The Children's Institute, Oregon's leading early childhood policy organization, recently endorsed Gov. Kitzhaber's plan. Citing the plan's focus on data-driven outcomes, return on investment and a streamlined delivery system, the vote by board members was a unanimous sign of support for a plan that would implement many of the institute's policy goals.
Ironically, the economic crisis that continues to hobble Oregon has forced the dominant education-policy discussion away from a stubborn single-mindedness about funding to a refreshing focus on reform.
Before the Legislature now are bills that would set the governor's plan in motion. In particular, I encourage the Legislature to support the creation and funding of the Early Learning Council as a first step toward a thoughtful consolidation and integration of more than a dozen programs now spread across six state agencies.

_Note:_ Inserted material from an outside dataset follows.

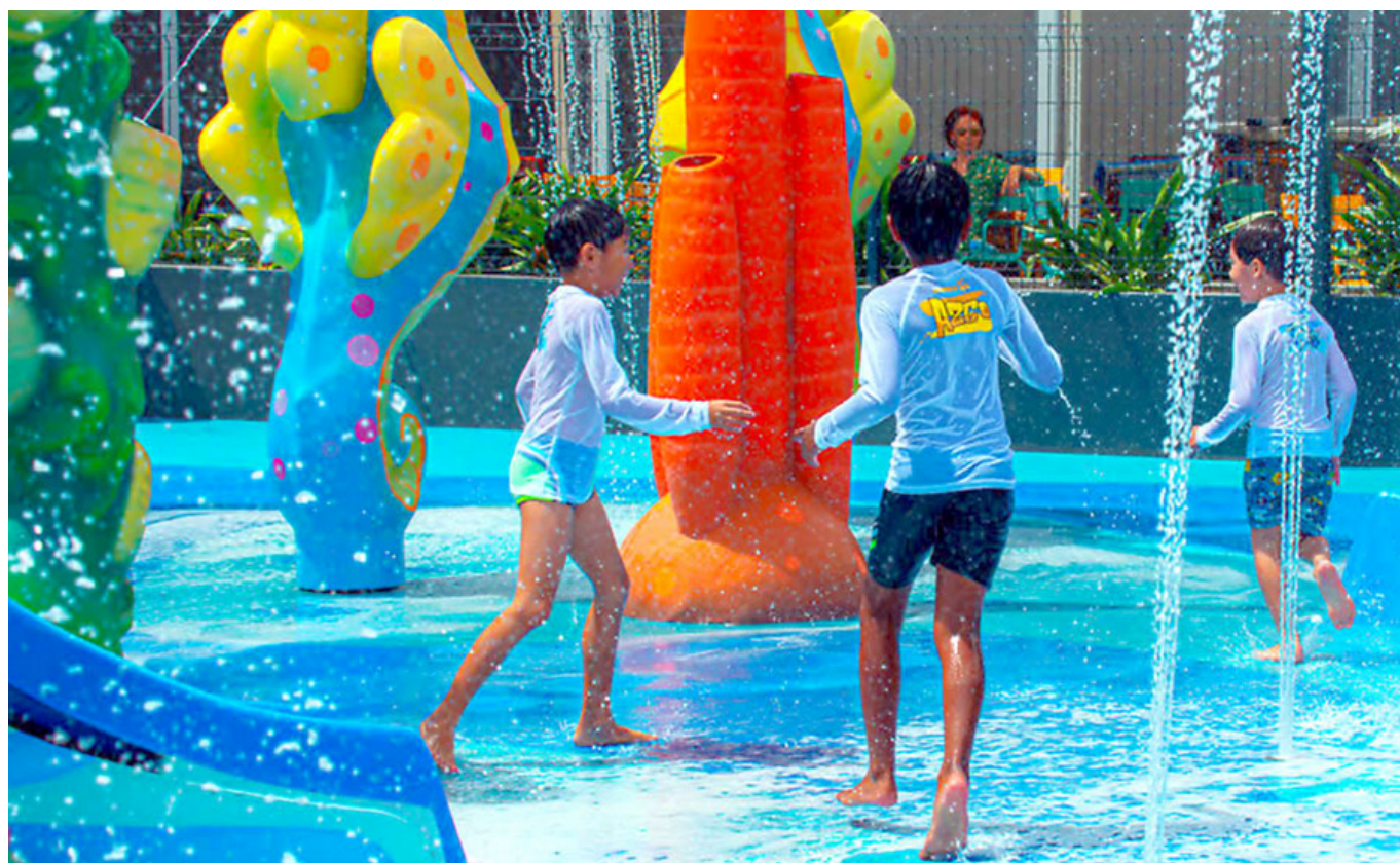
Exemple de Splachpad, jeux d'eau très sécurisés de faible profondeur

Gov. Kitzhaber has answered a persistent call from all corners of the state to create a continuum of education from cradle to career; and the work has already begun. Experts and stakeholders, serving as a statewide team, are volunteering their time and talent to create an implementation plan. Everyone involved - directly or indirectly - should prepare to let go of the program silos that typify our current structure and hinder progress.
Now is the time for all of us to muster the courage necessary to change the direction Oregon is headed. In this crisis, and with this plan, Oregon has the opportunity to build on the work Booker T. Washington started more than 100 years ago. Starting this legislative session, let's begin the transition to a modern-day system of education that will pave the way to a more prosperous Oregon for everyone.